**Work instructions**
Copy word for word the line containing "uwagi: Pierścionek z" together with all lines following it to the end of the listing below, without the pictures.

::: Material provided

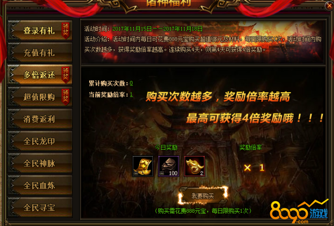 2、活动说明:每天花费888元宝,可以购买超值绑元及材料。每日限购一次,购买次数越多,获得奖励倍率越高,第四天可领取4倍奖励
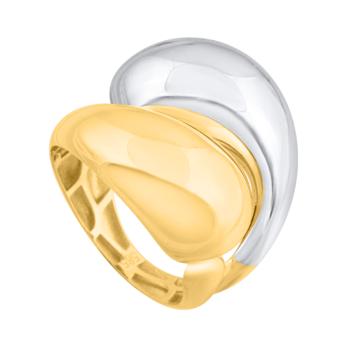 uwagi: Pierścionek z fantazyjnych pękatych łezek, jedna z białego złota.
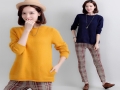 2015熹微冬季新款撞色學院風圓領長袖女士針織衫上衣毛衣廠家批發(fā) /
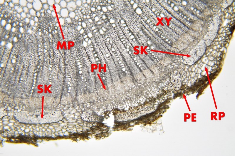 MP = Markparemchym, SK = Sklerenchym – Inseln, PH = Phloem, XY = Xylem, PE = Periderm, RP = Rindenparenchym

::::::

**Output**
 uwagi: Pierścionek z fantazyjnych pękatych łezek, jedna z białego złota.
 2015熹微冬季新款撞色學院風圓領長袖女士針織衫上衣毛衣廠家批發(fā) /
 MP = Markparemchym, SK = Sklerenchym – Inseln, PH = Phloem, XY = Xylem, PE = Periderm, RP = Rindenparenchym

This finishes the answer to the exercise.